▶ [Exercise brief]
Look through the entries below and copy exactly the part that begins with the line containing "②LGC(可搬式超低温容器) | 酸素や窒素などの高圧ガスを液体で貯蔵し、より多くのガスを運べる容器です。" and ends with the line containing "क्षेत्रीय शिक्षा संयुक्त". Do not copy the pictures.

▶ [Exercise material]
********************

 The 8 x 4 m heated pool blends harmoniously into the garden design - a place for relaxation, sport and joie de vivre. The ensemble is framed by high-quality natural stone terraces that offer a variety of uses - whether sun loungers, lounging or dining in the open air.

********************

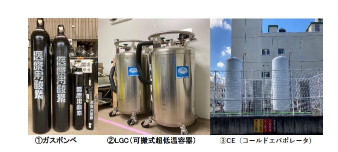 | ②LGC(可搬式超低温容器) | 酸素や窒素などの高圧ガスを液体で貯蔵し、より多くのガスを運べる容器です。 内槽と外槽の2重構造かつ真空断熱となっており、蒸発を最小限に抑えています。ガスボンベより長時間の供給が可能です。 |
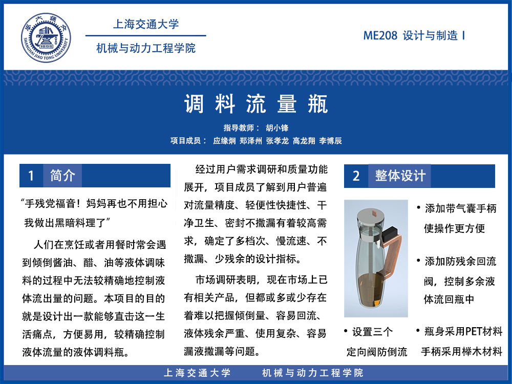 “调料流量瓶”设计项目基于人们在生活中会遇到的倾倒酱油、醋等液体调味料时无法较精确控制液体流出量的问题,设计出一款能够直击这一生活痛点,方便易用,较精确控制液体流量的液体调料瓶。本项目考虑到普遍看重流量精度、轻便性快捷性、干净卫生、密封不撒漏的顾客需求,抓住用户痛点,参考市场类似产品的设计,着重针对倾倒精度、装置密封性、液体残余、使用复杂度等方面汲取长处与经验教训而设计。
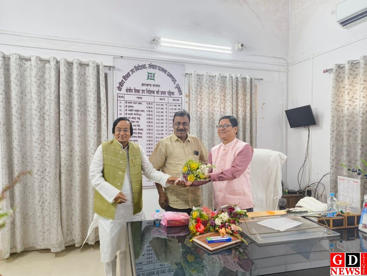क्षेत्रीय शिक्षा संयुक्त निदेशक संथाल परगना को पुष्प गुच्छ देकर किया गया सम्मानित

********************

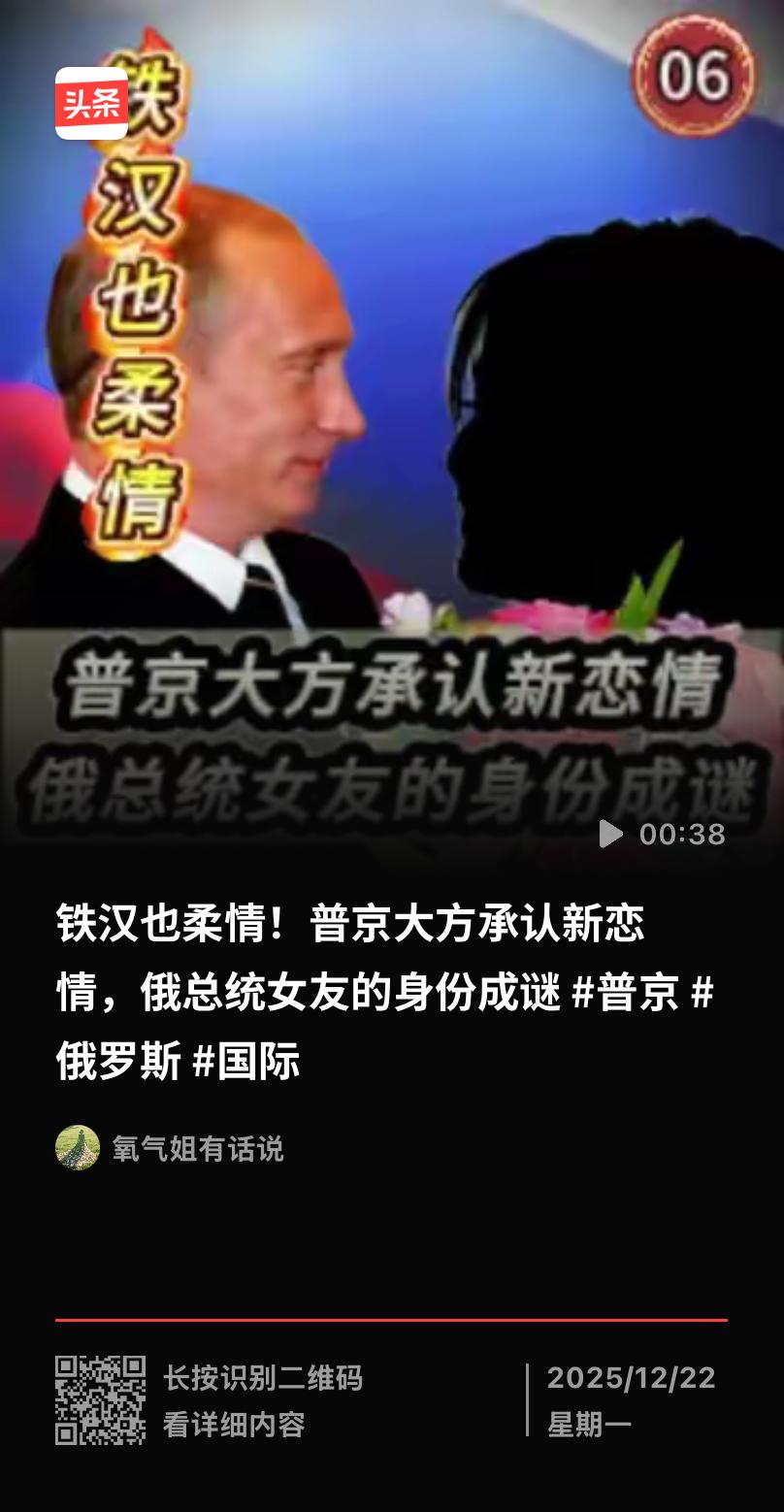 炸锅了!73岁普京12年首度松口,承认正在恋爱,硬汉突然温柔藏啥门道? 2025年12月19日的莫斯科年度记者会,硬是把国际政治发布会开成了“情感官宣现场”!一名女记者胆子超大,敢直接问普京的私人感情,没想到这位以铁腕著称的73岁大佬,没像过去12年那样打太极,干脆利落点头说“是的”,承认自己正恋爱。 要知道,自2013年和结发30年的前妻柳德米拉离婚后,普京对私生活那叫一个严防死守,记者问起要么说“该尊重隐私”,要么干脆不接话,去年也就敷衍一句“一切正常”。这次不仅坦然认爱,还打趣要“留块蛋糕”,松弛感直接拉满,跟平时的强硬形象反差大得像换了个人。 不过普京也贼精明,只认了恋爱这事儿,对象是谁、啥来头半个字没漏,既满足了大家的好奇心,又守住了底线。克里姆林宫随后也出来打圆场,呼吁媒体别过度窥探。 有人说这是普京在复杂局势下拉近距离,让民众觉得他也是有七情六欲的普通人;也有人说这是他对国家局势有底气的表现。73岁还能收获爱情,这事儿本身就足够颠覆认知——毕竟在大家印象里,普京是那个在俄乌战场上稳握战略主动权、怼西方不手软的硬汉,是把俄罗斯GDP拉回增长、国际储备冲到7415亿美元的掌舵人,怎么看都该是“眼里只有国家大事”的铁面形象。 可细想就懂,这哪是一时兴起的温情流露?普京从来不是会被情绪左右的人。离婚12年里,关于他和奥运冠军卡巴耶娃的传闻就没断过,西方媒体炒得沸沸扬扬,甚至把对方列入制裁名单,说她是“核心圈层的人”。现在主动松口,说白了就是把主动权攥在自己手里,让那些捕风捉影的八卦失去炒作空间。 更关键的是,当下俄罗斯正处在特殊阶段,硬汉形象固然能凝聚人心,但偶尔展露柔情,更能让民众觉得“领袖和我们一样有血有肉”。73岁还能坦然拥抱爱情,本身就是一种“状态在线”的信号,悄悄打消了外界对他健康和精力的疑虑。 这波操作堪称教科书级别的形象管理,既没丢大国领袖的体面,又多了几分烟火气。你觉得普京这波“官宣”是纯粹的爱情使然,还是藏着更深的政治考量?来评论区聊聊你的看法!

********************

▶ [Finished exercise]
 | ②LGC(可搬式超低温容器) | 酸素や窒素などの高圧ガスを液体で貯蔵し、より多くのガスを運べる容器です。 内槽と外槽の2重構造かつ真空断熱となっており、蒸発を最小限に抑えています。ガスボンベより長時間の供給が可能です。 |
 “调料流量瓶”设计项目基于人们在生活中会遇到的倾倒酱油、醋等液体调味料时无法较精确控制液体流出量的问题,设计出一款能够直击这一生活痛点,方便易用,较精确控制液体流量的液体调料瓶。本项目考虑到普遍看重流量精度、轻便性快捷性、干净卫生、密封不撒漏的顾客需求,抓住用户痛点,参考市场类似产品的设计,着重针对倾倒精度、装置密封性、液体残余、使用复杂度等方面汲取长处与经验教训而设计。
क्षेत्रीय शिक्षा संयुक्त निदेशक संथाल परगना को पुष्प गुच्छ देकर किया गया सम्मानित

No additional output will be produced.